=== Exercise directions ===
Copy exactly the lines of the data below, beginning with the line with "唐鳳近一個月的幾波網路高聲量" and ending with the line with "Mubarak z przyssawkami✨". Pictures are to be omitted.

=== Record set ===
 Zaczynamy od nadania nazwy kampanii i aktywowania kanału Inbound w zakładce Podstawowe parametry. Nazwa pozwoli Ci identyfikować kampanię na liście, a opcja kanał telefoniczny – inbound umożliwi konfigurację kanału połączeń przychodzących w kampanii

--

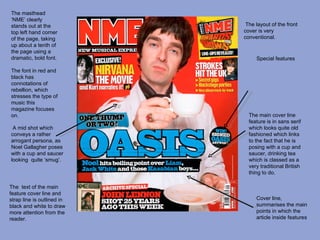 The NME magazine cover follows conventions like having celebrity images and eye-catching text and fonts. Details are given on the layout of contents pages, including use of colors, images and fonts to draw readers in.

...

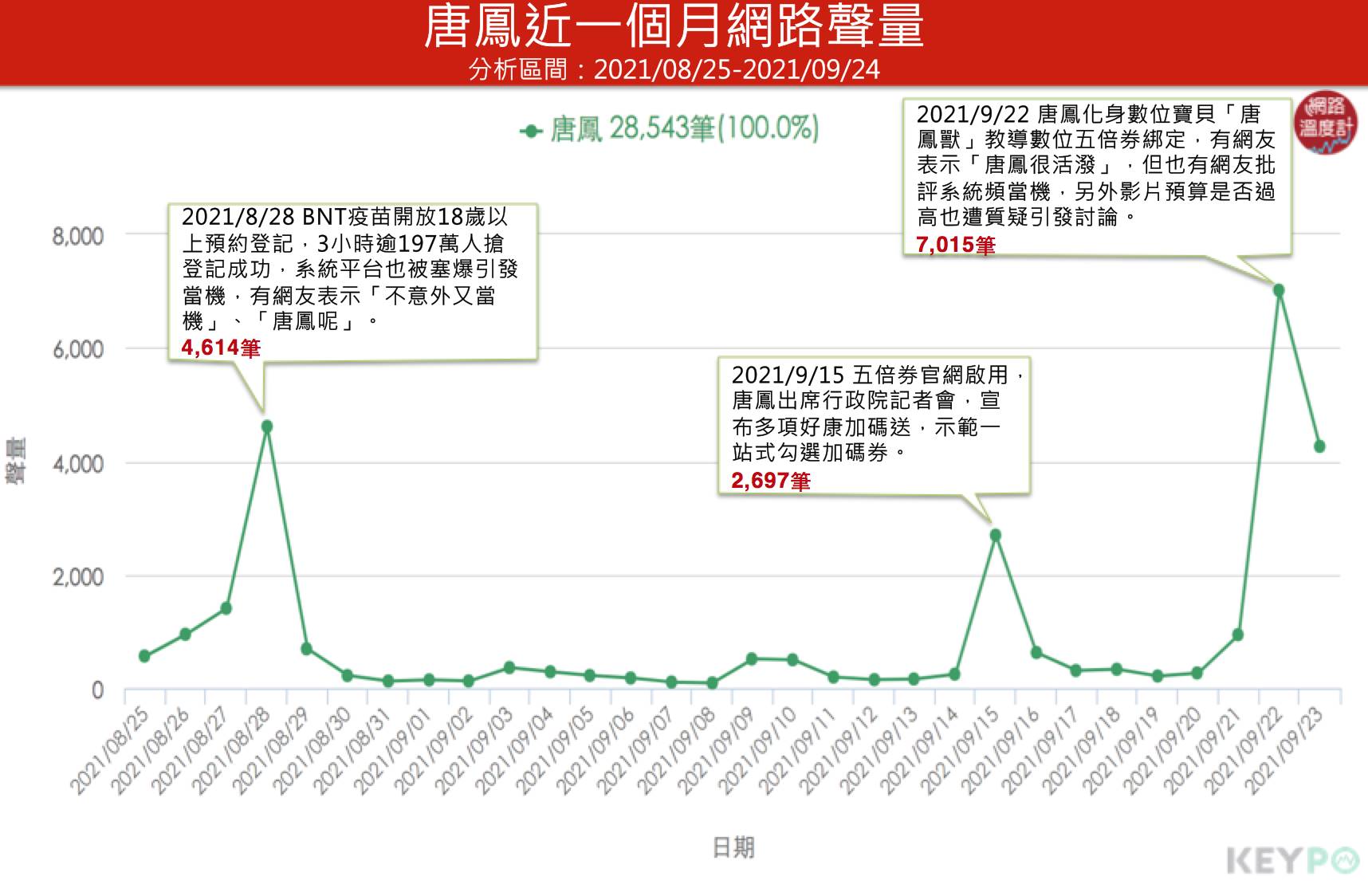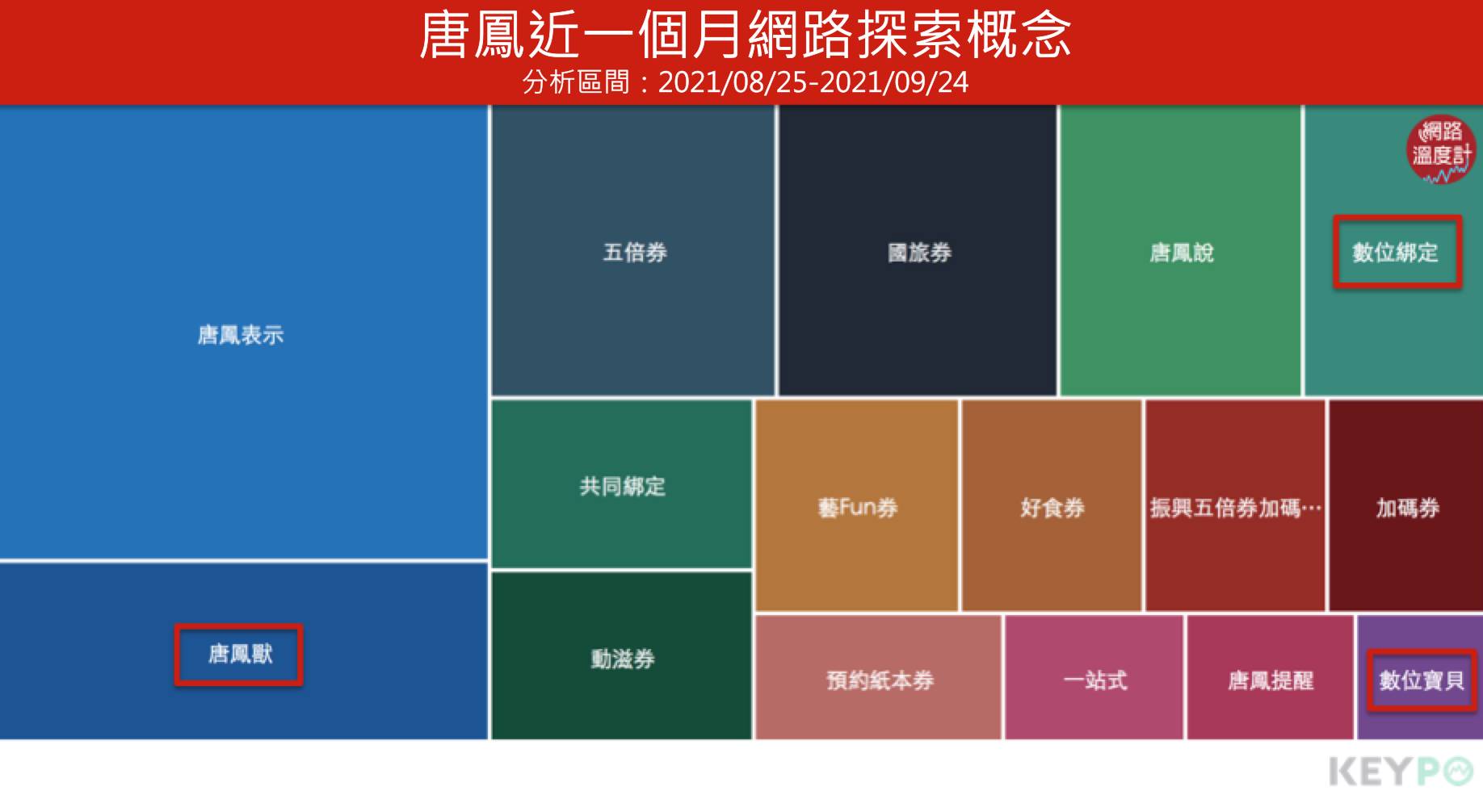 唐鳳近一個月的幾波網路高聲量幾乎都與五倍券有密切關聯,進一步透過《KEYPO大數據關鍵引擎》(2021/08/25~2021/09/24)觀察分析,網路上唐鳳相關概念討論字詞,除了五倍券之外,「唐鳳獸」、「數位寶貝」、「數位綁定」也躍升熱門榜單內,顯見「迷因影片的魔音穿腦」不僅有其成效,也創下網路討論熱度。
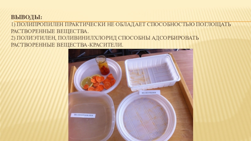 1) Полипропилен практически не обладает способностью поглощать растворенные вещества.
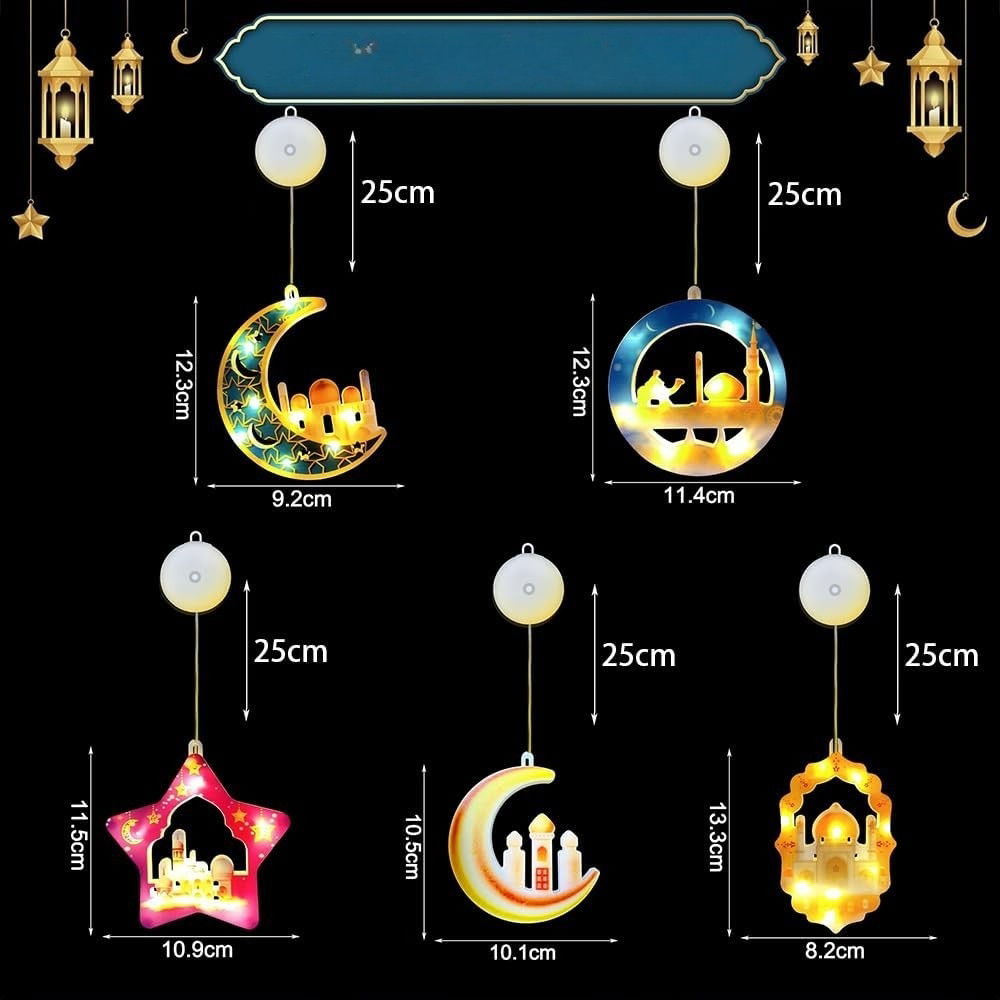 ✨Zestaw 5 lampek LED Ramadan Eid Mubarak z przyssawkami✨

=== The completed task ===
 唐鳳近一個月的幾波網路高聲量幾乎都與五倍券有密切關聯,進一步透過《KEYPO大數據關鍵引擎》(2021/08/25~2021/09/24)觀察分析,網路上唐鳳相關概念討論字詞,除了五倍券之外,「唐鳳獸」、「數位寶貝」、「數位綁定」也躍升熱門榜單內,顯見「迷因影片的魔音穿腦」不僅有其成效,也創下網路討論熱度。
 1) Полипропилен практически не обладает способностью поглощать растворенные вещества.
 ✨Zestaw 5 lampek LED Ramadan Eid Mubarak z przyssawkami✨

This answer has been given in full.